Het hart van ons geloof [Eucharistie met Boeteviering/Mt. 5, 1-2]

‘In God geloven is in mensen geloven’

Het hart van ons geloof  [Eucharistie met Boeteviering/Mt. 5, 1-2]

We leven naar Kerstmis toe, het is nog voorbereidingstijd, we staan vanavond even stil bij wát we geloven als we geloven in de menswording, de menselijkheid van onze God. Want eigenlijk is het natuurlijk élke dag Kerstmis, 365 dagen per jaar, en áltijd gaat het híerom in ons geloof: dat er tussen jou en mij, in al onze relaties van mens tot mens, iets zichtbaar zal worden van Góds menslievendheid. Want dán komt dag in dag uit een goddelijk mensenkind aan het licht, niet geboren via bloedlijnen of zo, maar uit Gods eigen levensadem. Daar staan we bij stil: bij het Gódswonder dat door en tussen de mensen in kan gebeuren.

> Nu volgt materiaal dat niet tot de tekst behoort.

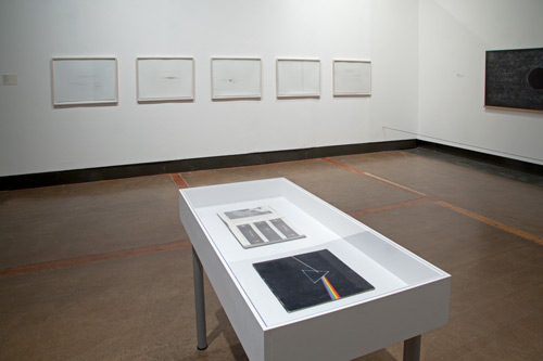 Accompany the installation is the Dark Side of the Moon LP cover from the record used in the installation, a LIFE book titled "THE UNIVERSE" and photograph of the orbiting light rings.
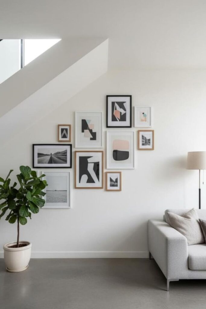6. Statement Gallery Wall That Fills the Angle Perfectly
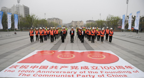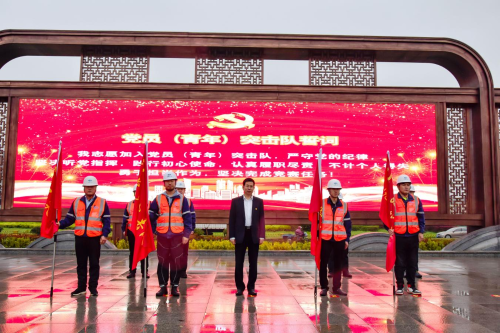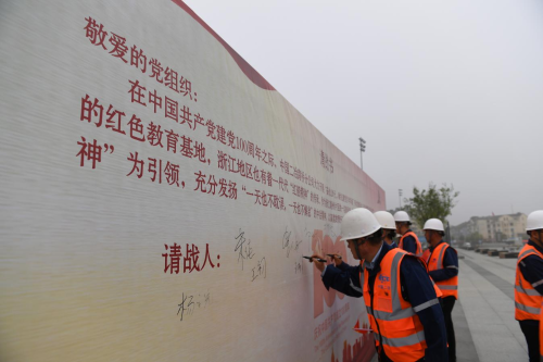 在学党史、悟思想环节中,建设者们在中国二冶承建并完成的湖州市练市镇振兴广场上重温入党誓词,坚定作为一名共产党员的理想信念;向党员突击队和青年突击队授旗,突击队代表表达了“坚决听党指挥,践行初心使命,认真履职尽责,勇于担当作为”的决心;在全体职工签名的请战书中,立下了“作为浙江湖州片区的建设者,承诺以开天辟地、敢为人先的红船精神为引领,充分发扬‘一天也不耽误,一天也不懈怠’ 的中冶精神,以高度的责任感和使命感践行央企责任担当,履行光荣使命。”的铮铮誓言。 活动中,全体职工合唱《唱支山歌给党听》,用歌声缅怀历史、展望未来、传承“红船精神”,歌声催人奋进,气势振奋人心。在大气磅礴的歌声和旋律中,感受到中国二冶职工对党和国家的热爱,感受到中华民族沧桑历史,感受到二冶人昂扬的斗志。在弘扬爱国精神,重温红色经典的同时,号召大家把如火的热情投入到工作中去,不忘初心,砥砺前行,以优异的成绩迎接中国共产党成立100周年。

Maar óók bij onze ervaring dat wij altijd hompelige mensen zijn die dááraan voorbij leven in de waan van de dag, mensen die uit zelfbekommernis en zo de weg naar de ander niet durven gaan.

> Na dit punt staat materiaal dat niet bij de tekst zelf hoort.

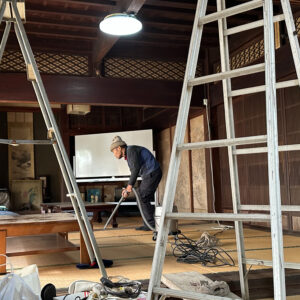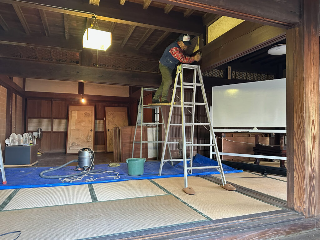 高所での煤払いと拭き掃除、結構面倒だが作業後は黒光の趣。
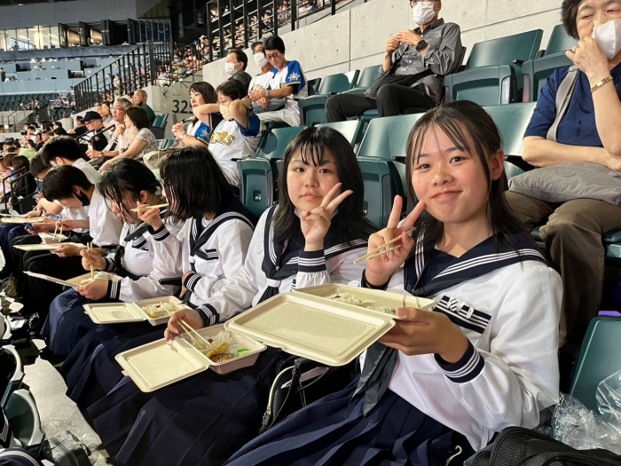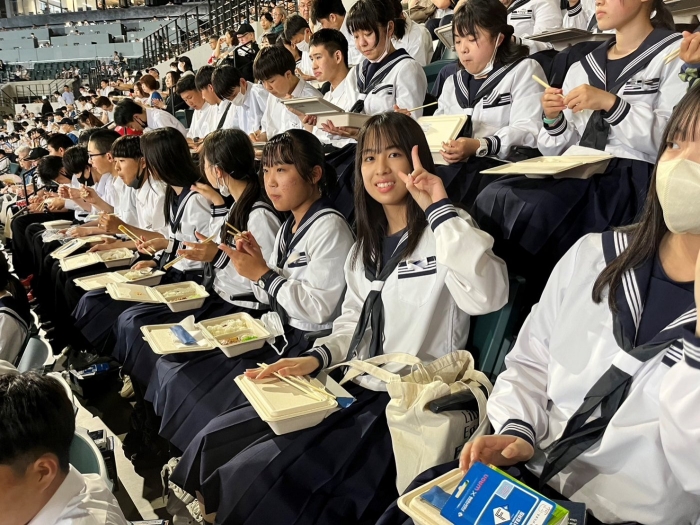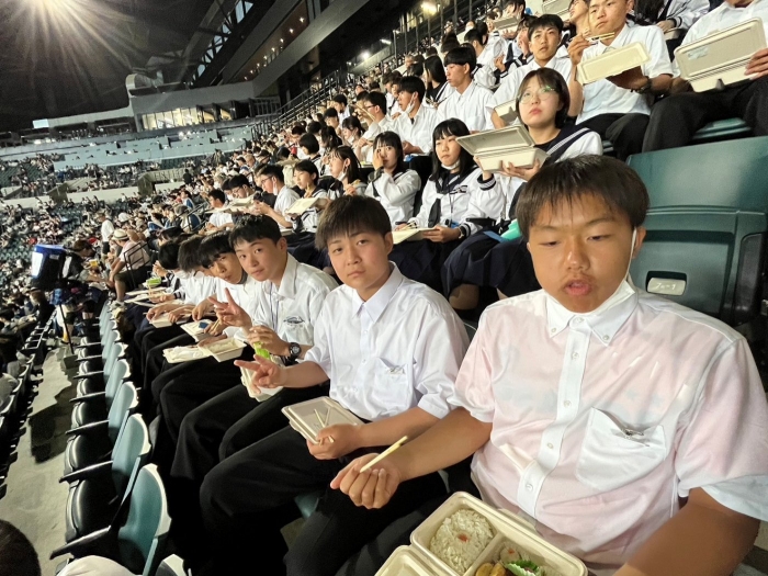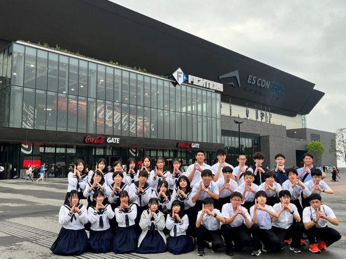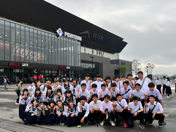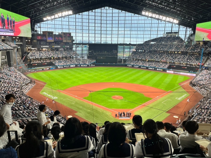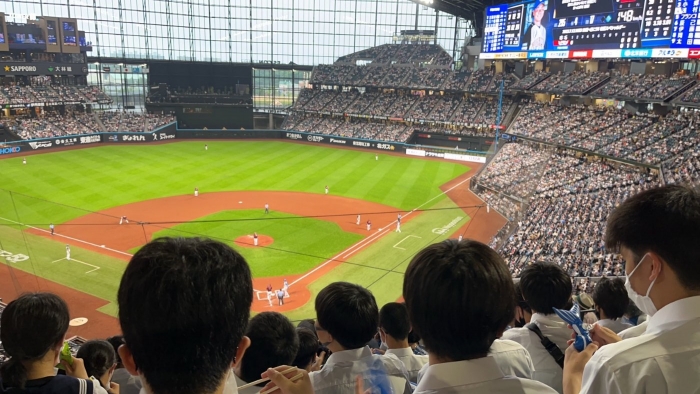エスコンフィールドに到着後、集合写真を撮影し、球場内に入りました。お弁当を食べながらのナイター観戦はうらやましい限りです。今年オープンしたばかりのエスコンフィールドですから、本校では初の修学旅行見学地です。日ハム対楽天戦はすでに試合が開始されていますが、生で見るプロ野球の雰囲気や球の速さを実感して欲しいと思います。

Het hart van ons geloof is immers geen vracht leerstelligheden. Het is het beséf dat God lééft, leeft in wat mensen met elkaar ‘hebben’, met woorden en daden waarmee wij ons, ik en jij, met elkaar verbinden, elkaar een weg ten leven gunnen, trouw en betrouwbaar een goede wereld tevoorschijn roepen, op een heel persoonlijke manier één familie vormen, een lééfgemeenschap waar ieder tot zijn of haar recht mag komen, zodat we op díe manier een dóórkijk geven, als is het enkel stukwerk en soms maar voor even, een doorkijk naar de mensenliefde die we in geloof ‘God’ durven noemen, het laatste woord waar alles en alles op aankomt in onze mensenwereld, altijd heel persóónlijk.

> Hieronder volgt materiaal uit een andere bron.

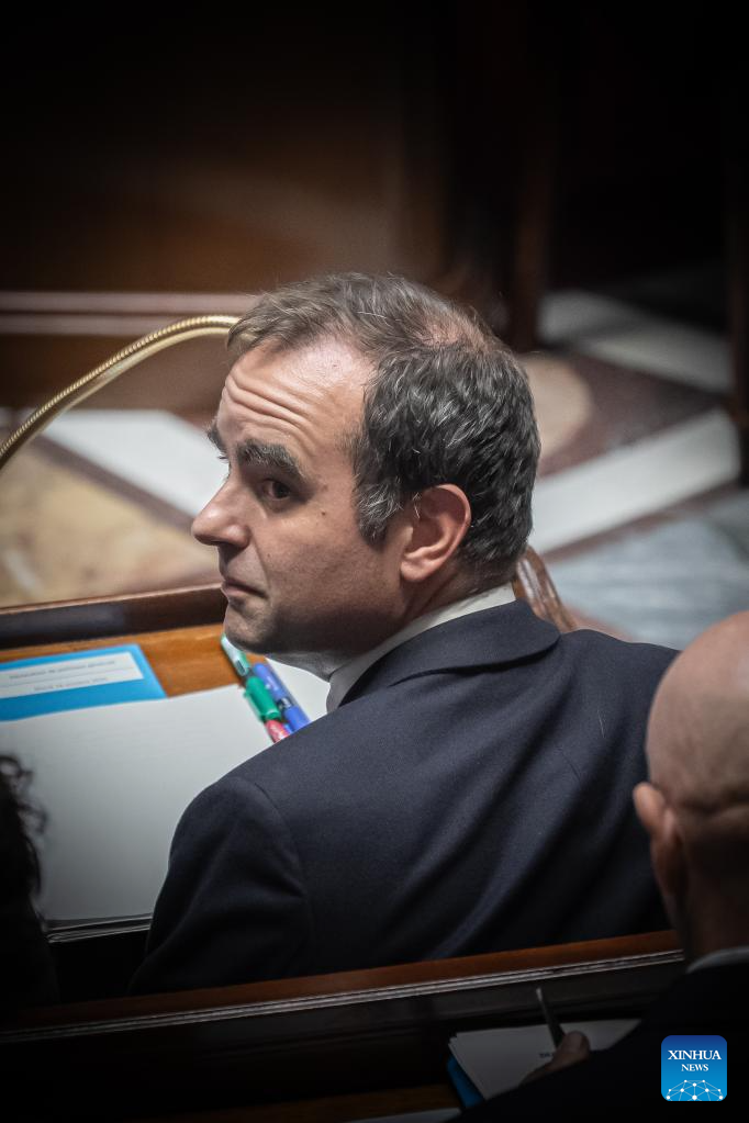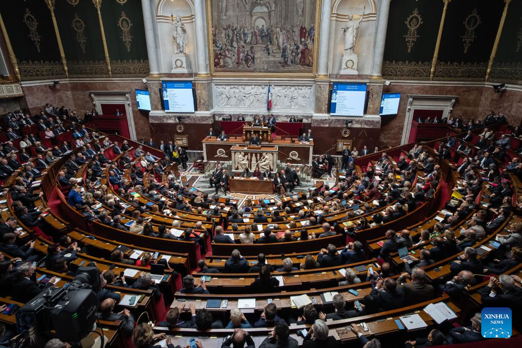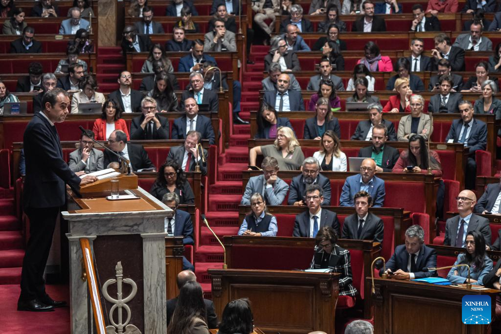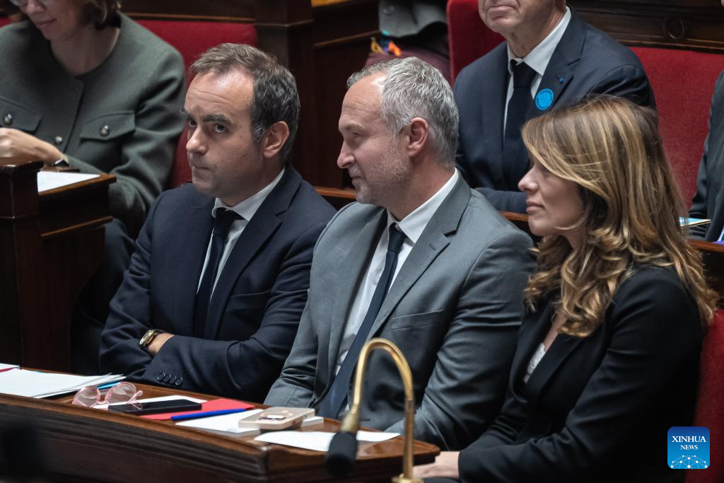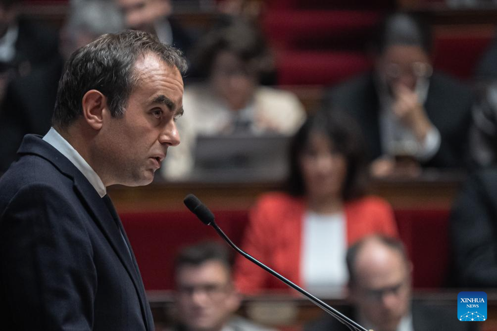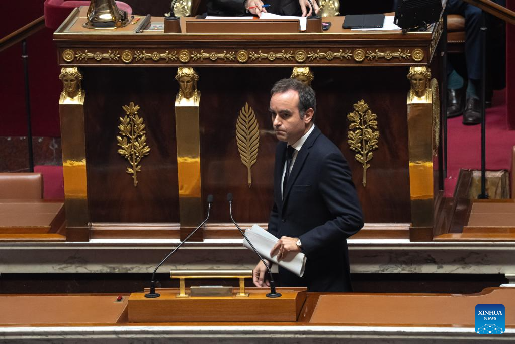 French Prime Minister Sebastien Lecornu delivers a policy speech at the National Assembly in Paris, France, Oct. 14, 2025. French Prime Minister (PM) Sebastien Lecornu on Tuesday announced the suspension of controversial pension reforms until the presidential election. The public deficit will be reduced to 4.7 percent of GDP in the draft budget for 2026 and must "in any case be less than 5 percent at the end of the discussion" in Parliament, Lecornu said. He also confirmed that he intends to maintain the target of 5.4 percent for 2025. (Photo by Aurelien Morissard/Xinhua)
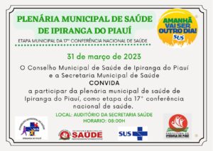 Byadminfevereiro 14, 2025ETAPA MUNICIPAL DA 17º CONFERÊNCIA NACIONAL DE SAÚDE 31 de Março de 2023 O Conselho Municipal de Saúde de Ipiranga do Piauí e...
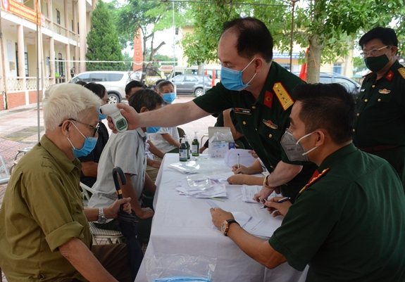 Kiểm tra thân nhiệt và cấp phiếu khám bệnh. |
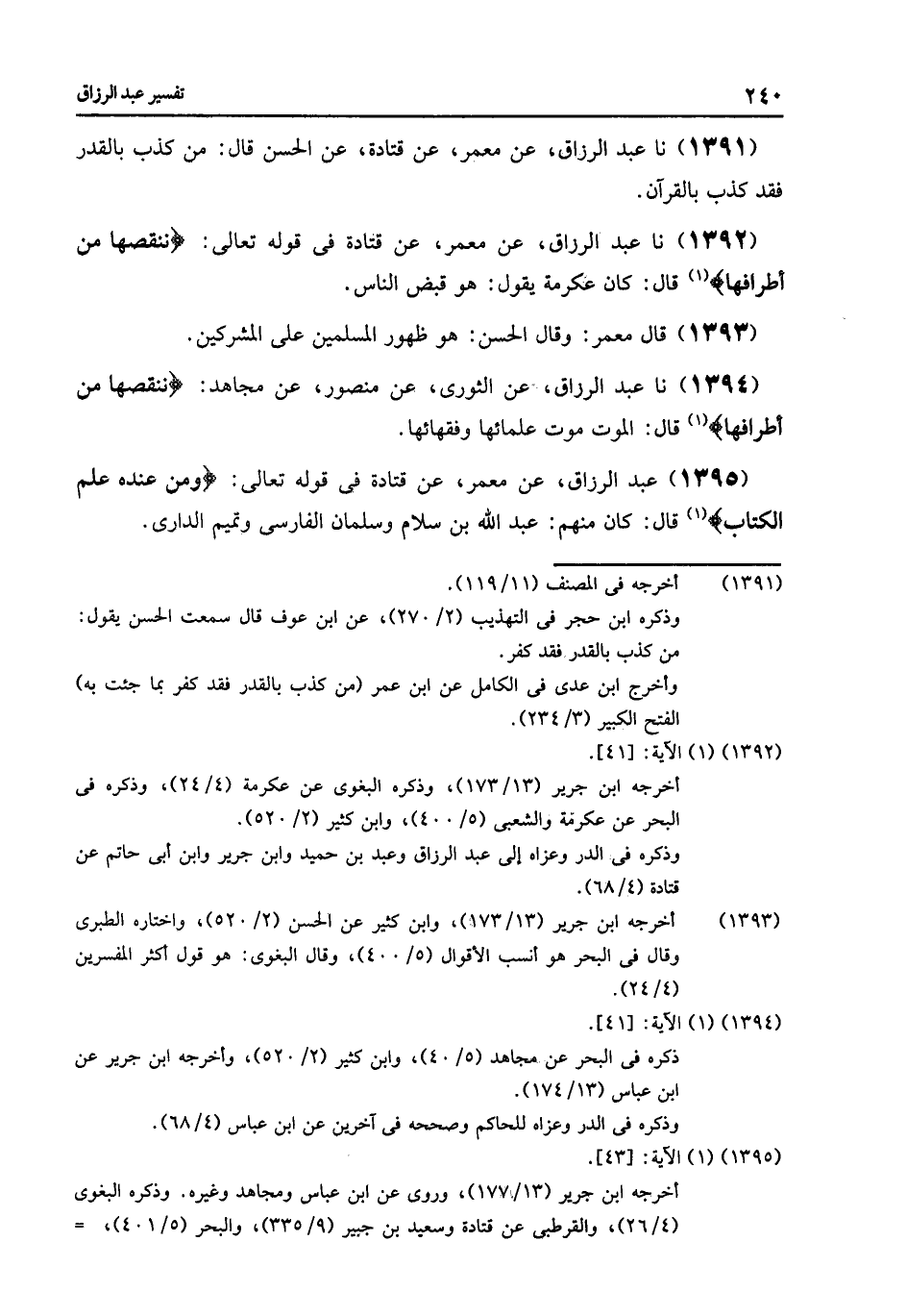 1392 - عَنْ مَعْمَرٍ , عَنْ قَتَادَةَ , فِي قَوْلِهِ تَعَالَى: {نَنْقُصُهَا مِنْ أَطْرَافِهَا} [الرعد: 41] , قَالَ: كَانَ عِكْرِمَةُ , يَقُولُ: «§هُوَ قَبْضُ النَّاسِ»

Maar we leven vaak in een ónpersoonlijke wereld, een wereld waarin we via onpersoonlijke structuren de mensen niet als persoon maar schematisch benaderen, geframed, als énkel de verbijzondering van een sóórt, veralgemeend, vervangbaar, inwisselbaar. Daardoor wordt onzichtbaar wie de mensen zélf zijn, één voor één, met naam en toenaam. Vaak doen we daar ook zelf aan mee, heel verholen meestal, op onze kleine schaal: door voorbíj te leven aan wat er van aangezicht tot aangezicht tussen ons, ik en jij, gebeuren kan én gebeuren moet. En omdat het eigenlijk élke dag Kerstmis is, staan we zo vlak voor het feest er even bij stil, bij de grote vraag of we echt ons leven léven uit een levend gelóóf in Gods ménswording in onze relaties en ontmoetingen, of we elk mens echt eerbiedigen in diens eígen waarde door er voor de ander te zíjn, affectief en vooral effectief’. Enkel zó komt, in beginsel, op een onooglijke manier, een nieuwe samenleving aan het licht, een wereld waarin mensen elkáár écht zien en naar elkaar ómzien, een wereld van eenvoudig en vredig mensengeluk die steeds meer gaat lijken op Góds rijk.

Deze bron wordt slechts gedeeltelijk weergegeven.